[INSTRUCTIONS TO FOLLOW] Keep the wording of every entry intact in your copy, and omit the pictures.

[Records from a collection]
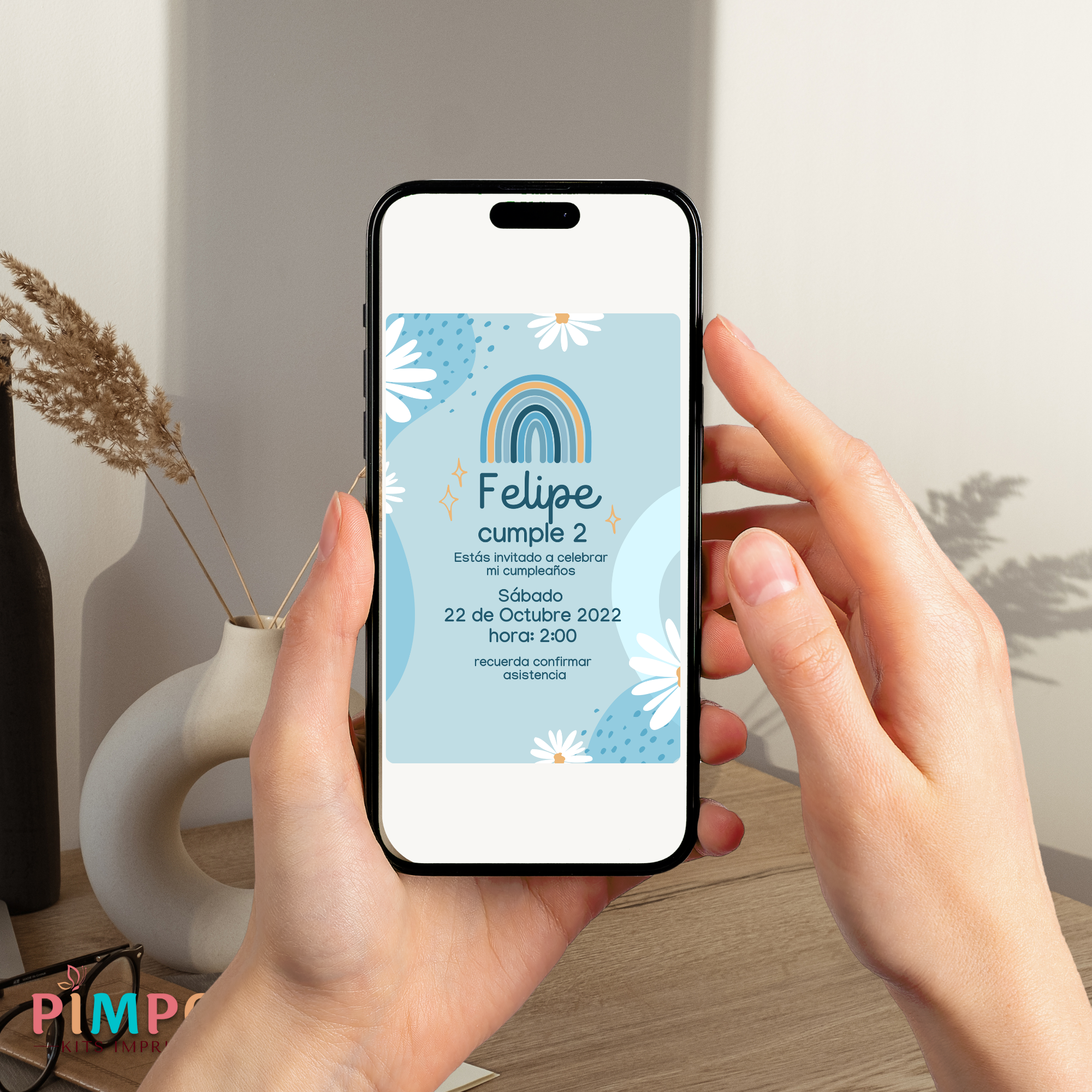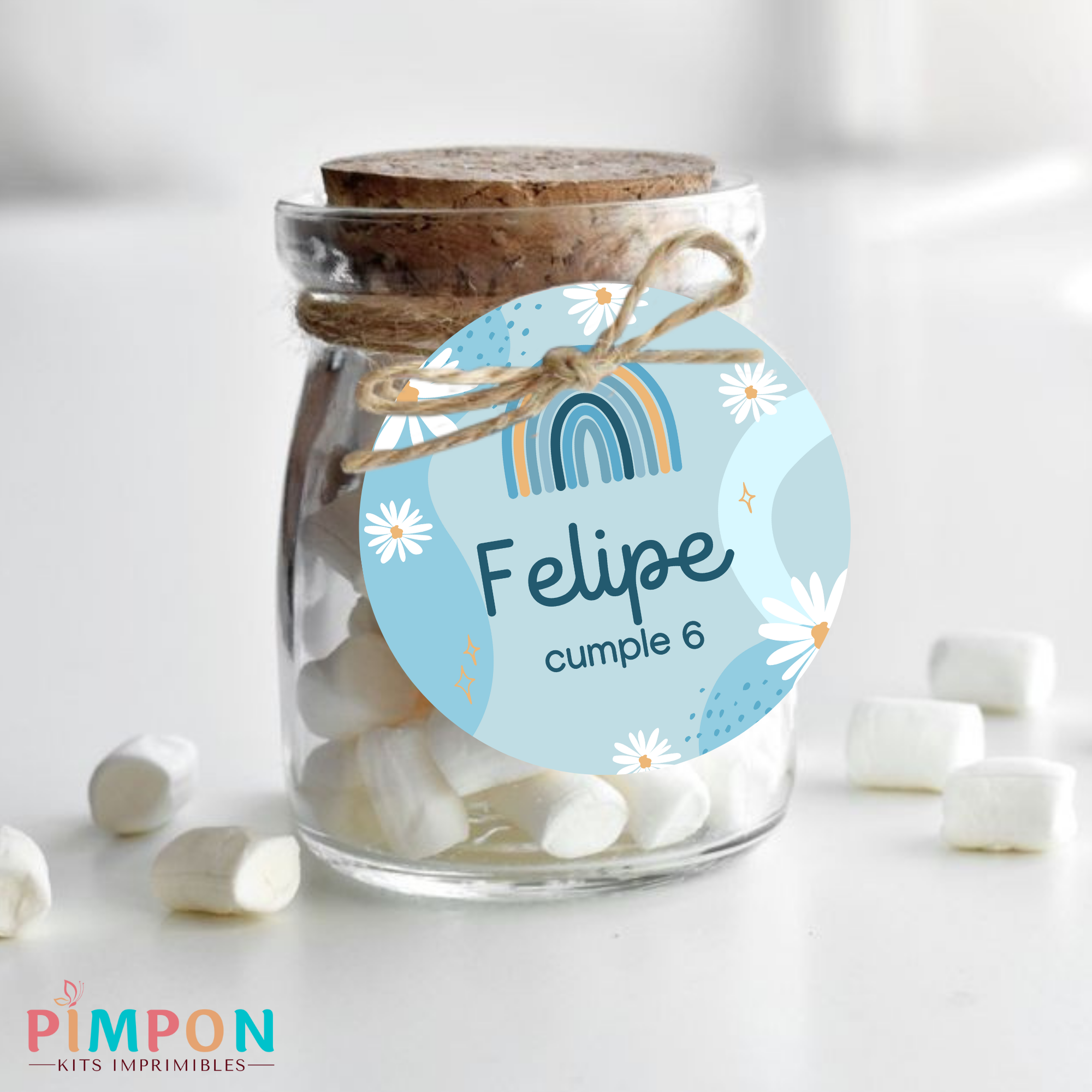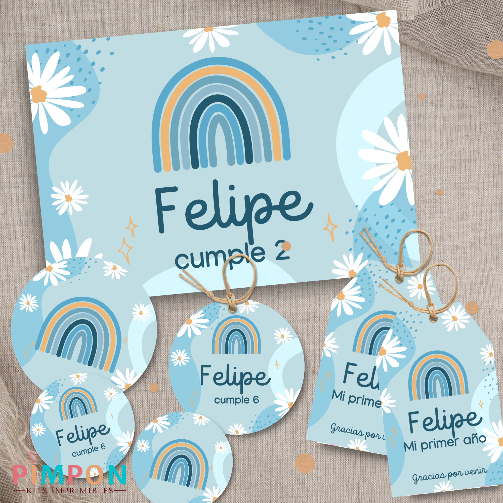 kit imprimible textos editables - ARCOIRIS Y MARGARITAS CELESTE
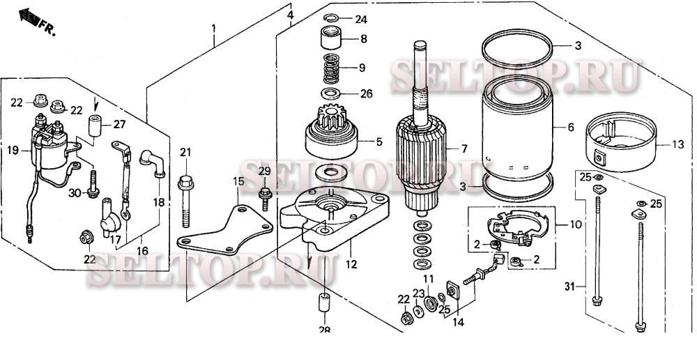 Стартер для Honda BF30AY LRSA, взрыв-схема:
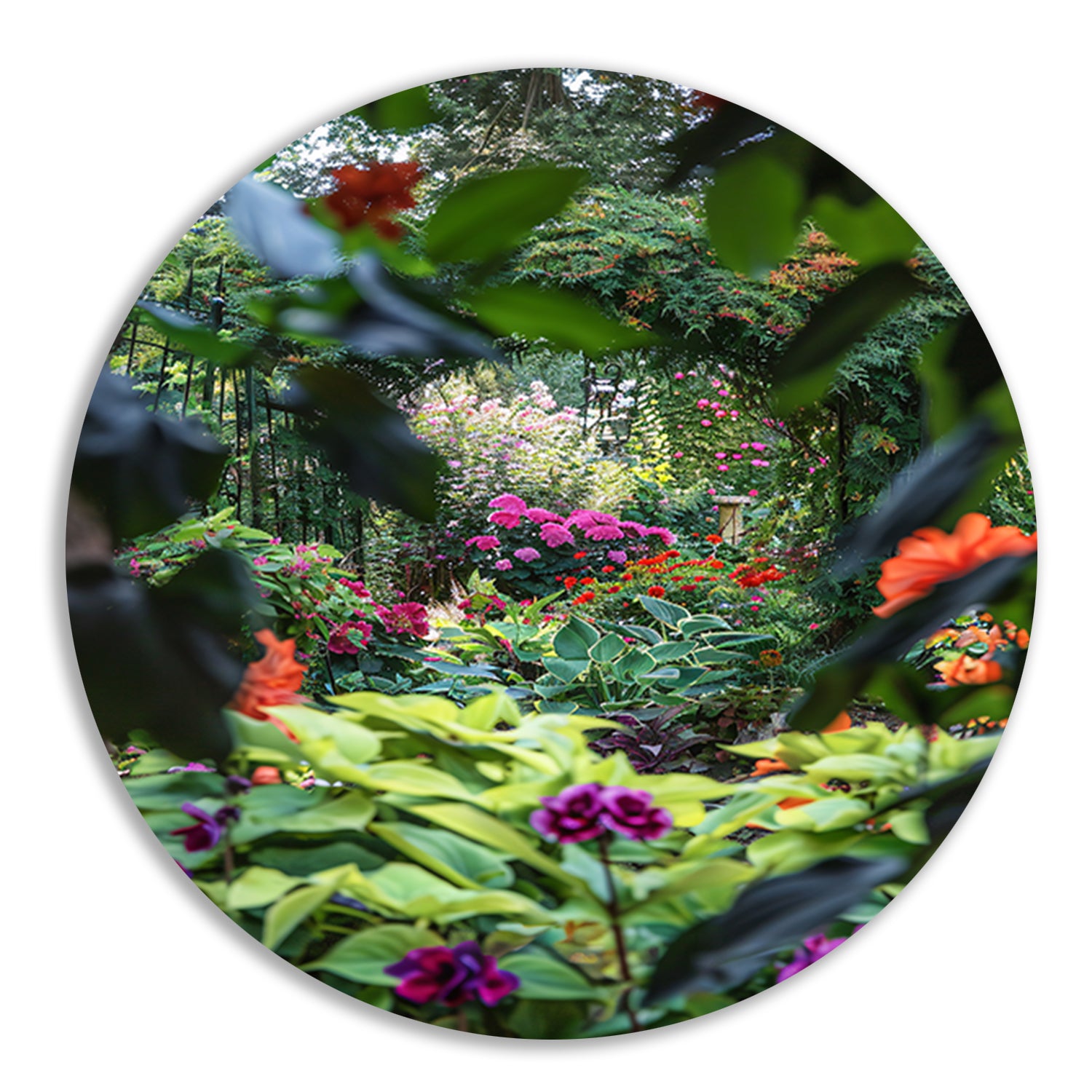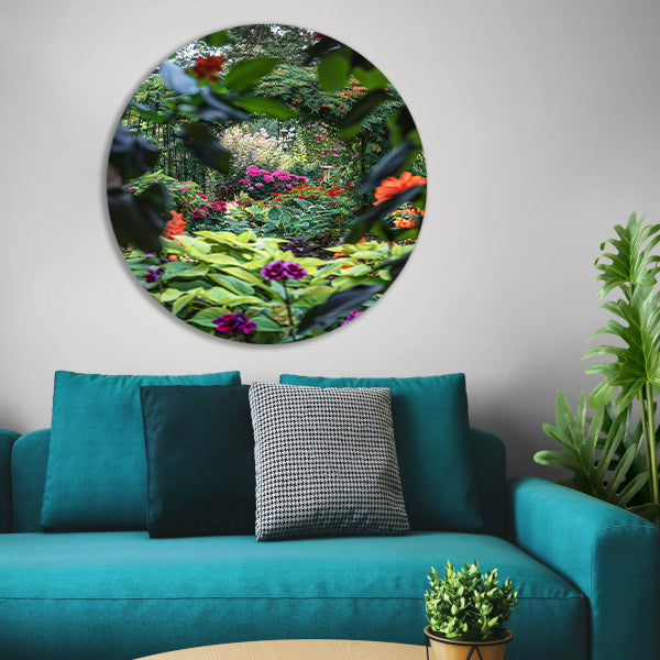Kleurrijke bloemenpracht in de tuin aluminium muurcirkel
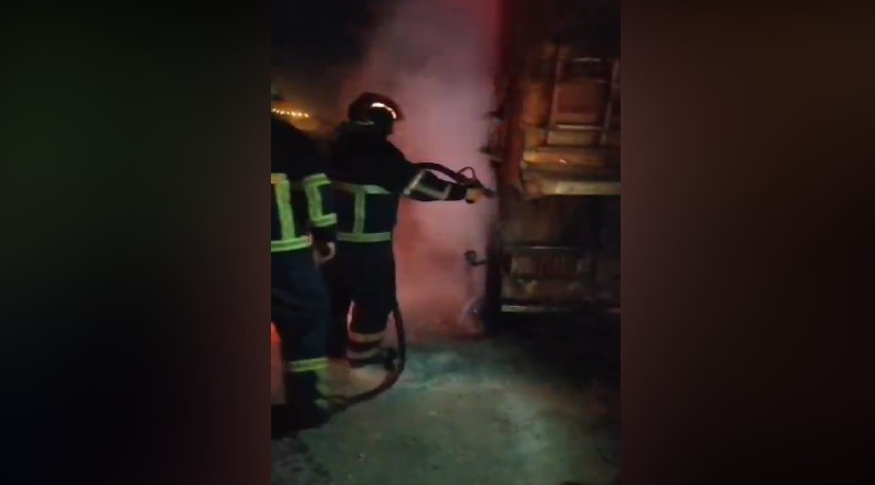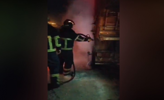 Yangını fark eden tır sürücüsü durumu itfaiye ekiplerine bildirdi.
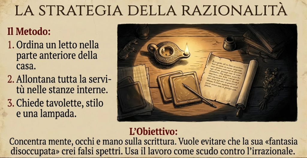 Come si vede, il filosofo vuole tenere la mente occupata proprio per mantenerla lucida: il suo atteggiamento è concentrato e razionale. Ed ecco, nel silenzio della notte, «uno scuotere di ferri ed un muovere di catene» (concuti ferrum, vincula moveri).
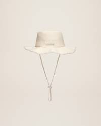 LE PAPIER Frayed expedition hat - Cotton bucket hat - Long adjustable strap - Silver metal logo - Topstitched brim 100% Cotton Made in Bulgaria Ref.213AC002-5001-110
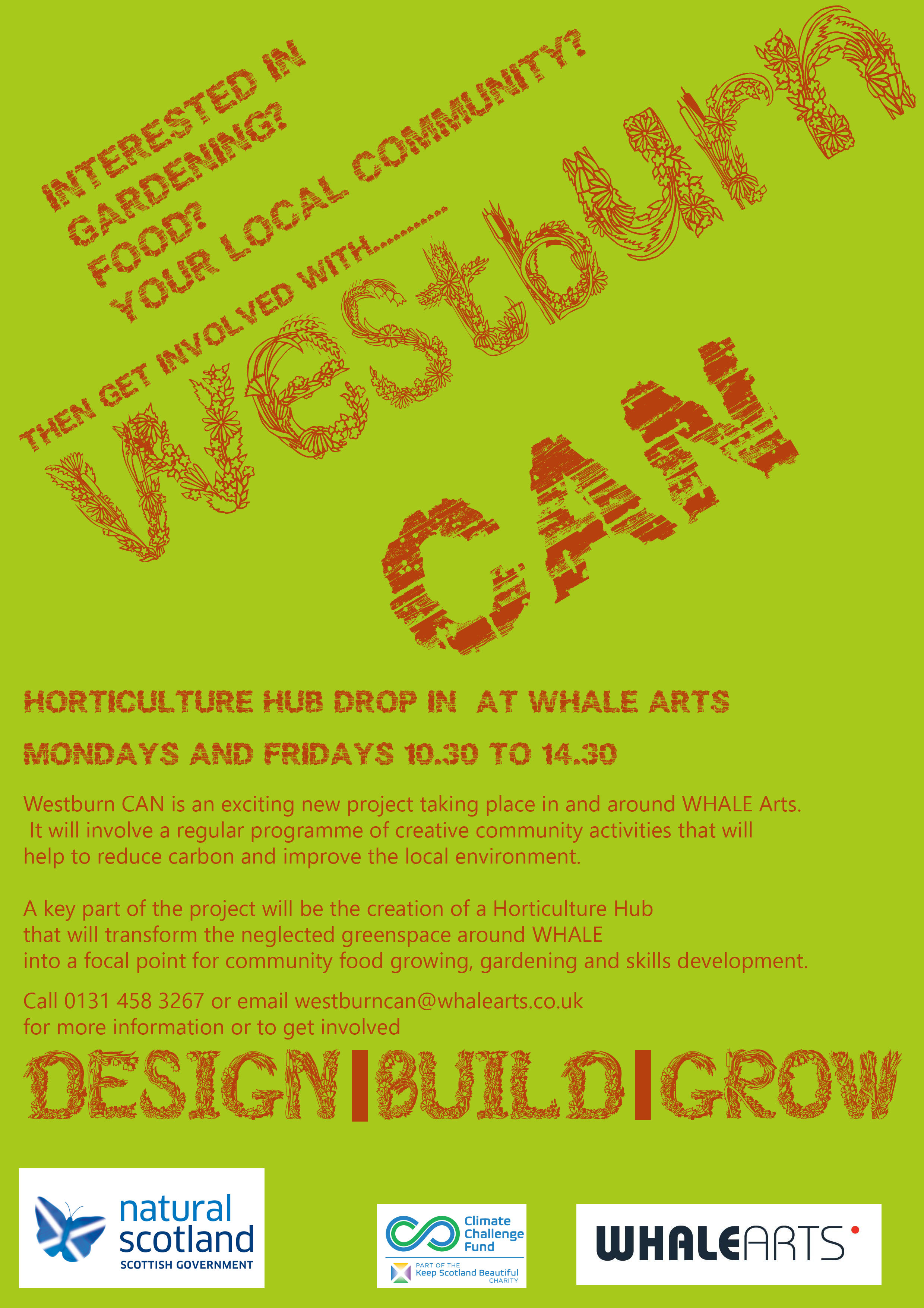 For more information contact the WHALE on 0131 458 3267 or email westburncan@whalearts.co.uk.
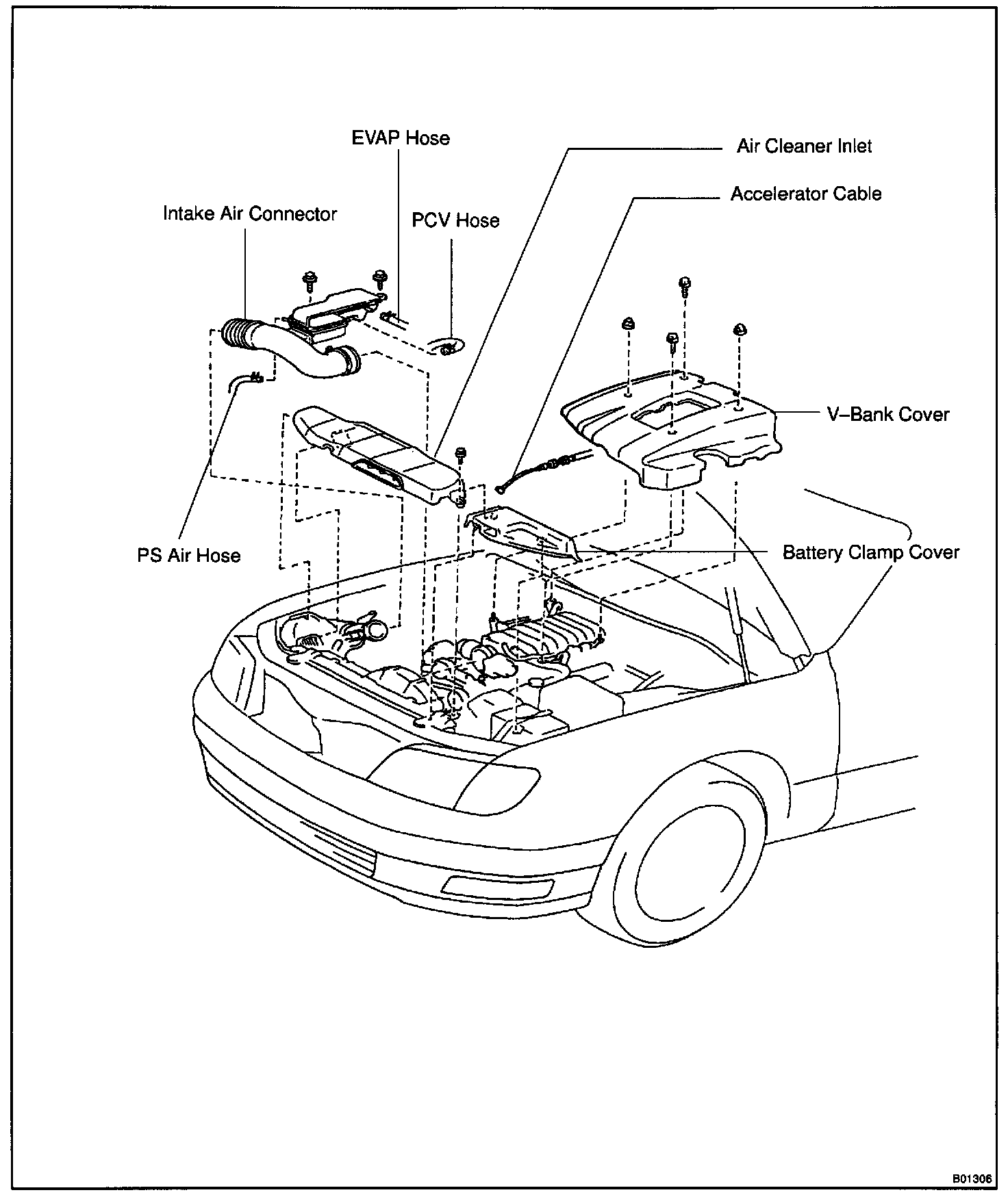 2. REMOVE BATTERY CLAMP COVER, AIR CLEANER INLET AND INTAKE AIR CONNECTOR
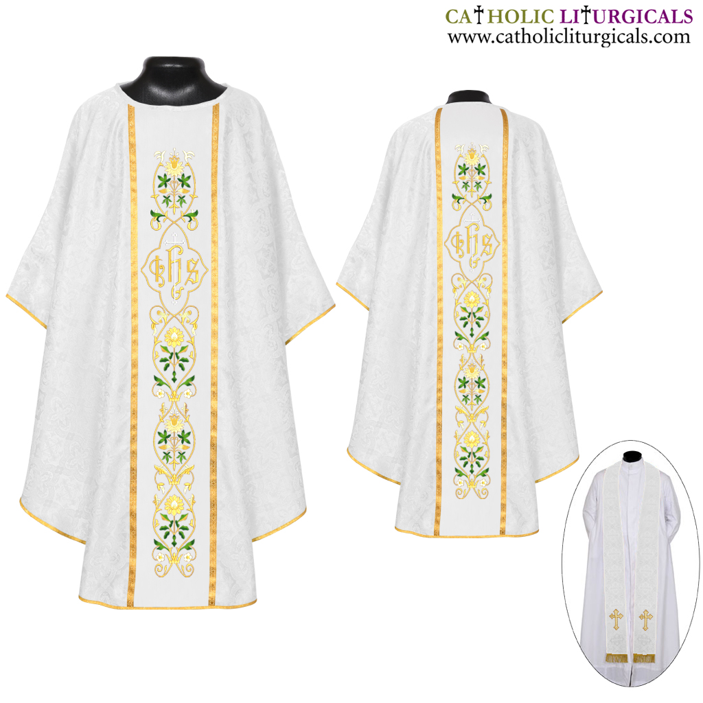 The vestment is made of Church Damask Fabric with Cross Designs. The Orphreys is Embroidered with IHS Designs. The Vestment comes with a matching Stole, Maniple, Burse & Chalice Veil with matching cross embroidery at the bottom and a small golden cross at the mid point of the Stole and Maniple. The ends of the Stole and Maniple are finished with fine rayon fringes.
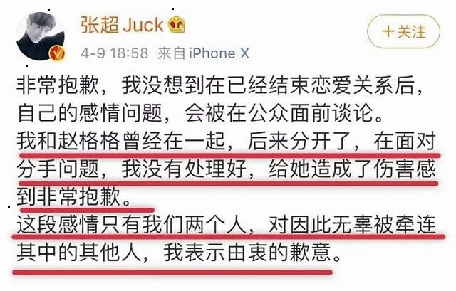 随着事情发酵,张超也在网络上发表声明,表示自己确实和赵格格在一起过,但在分手时有很多事情还没处理,很抱歉给女方带来了这么大的伤害。
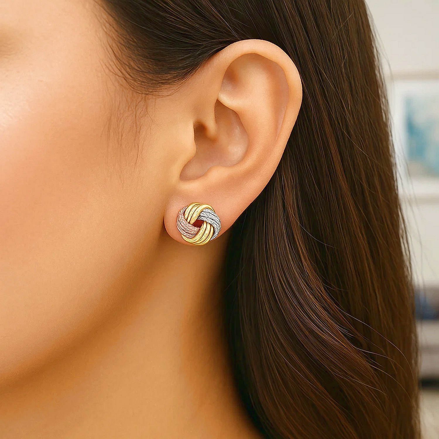 Women’s Love Knot Stud Earrings 14k Tri Color Yellow White and Rose Gold

[RESPONSE AREA]
 kit imprimible textos editables - ARCOIRIS Y MARGARITAS CELESTE
 Стартер для Honda BF30AY LRSA, взрыв-схема:
Kleurrijke bloemenpracht in de tuin aluminium muurcirkel
 Yangını fark eden tır sürücüsü durumu itfaiye ekiplerine bildirdi.
 Come si vede, il filosofo vuole tenere la mente occupata proprio per mantenerla lucida: il suo atteggiamento è concentrato e razionale. Ed ecco, nel silenzio della notte, «uno scuotere di ferri ed un muovere di catene» (concuti ferrum, vincula moveri).
 LE PAPIER Frayed expedition hat - Cotton bucket hat - Long adjustable strap - Silver metal logo - Topstitched brim 100% Cotton Made in Bulgaria Ref.213AC002-5001-110
 For more information contact the WHALE on 0131 458 3267 or email westburncan@whalearts.co.uk.
 2. REMOVE BATTERY CLAMP COVER, AIR CLEANER INLET AND INTAKE AIR CONNECTOR
 The vestment is made of Church Damask Fabric with Cross Designs. The Orphreys is Embroidered with IHS Designs. The Vestment comes with a matching Stole, Maniple, Burse & Chalice Veil with matching cross embroidery at the bottom and a small golden cross at the mid point of the Stole and Maniple. The ends of the Stole and Maniple are finished with fine rayon fringes.
 随着事情发酵,张超也在网络上发表声明,表示自己确实和赵格格在一起过,但在分手时有很多事情还没处理,很抱歉给女方带来了这么大的伤害。
 Women’s Love Knot Stud Earrings 14k Tri Color Yellow White and Rose Gold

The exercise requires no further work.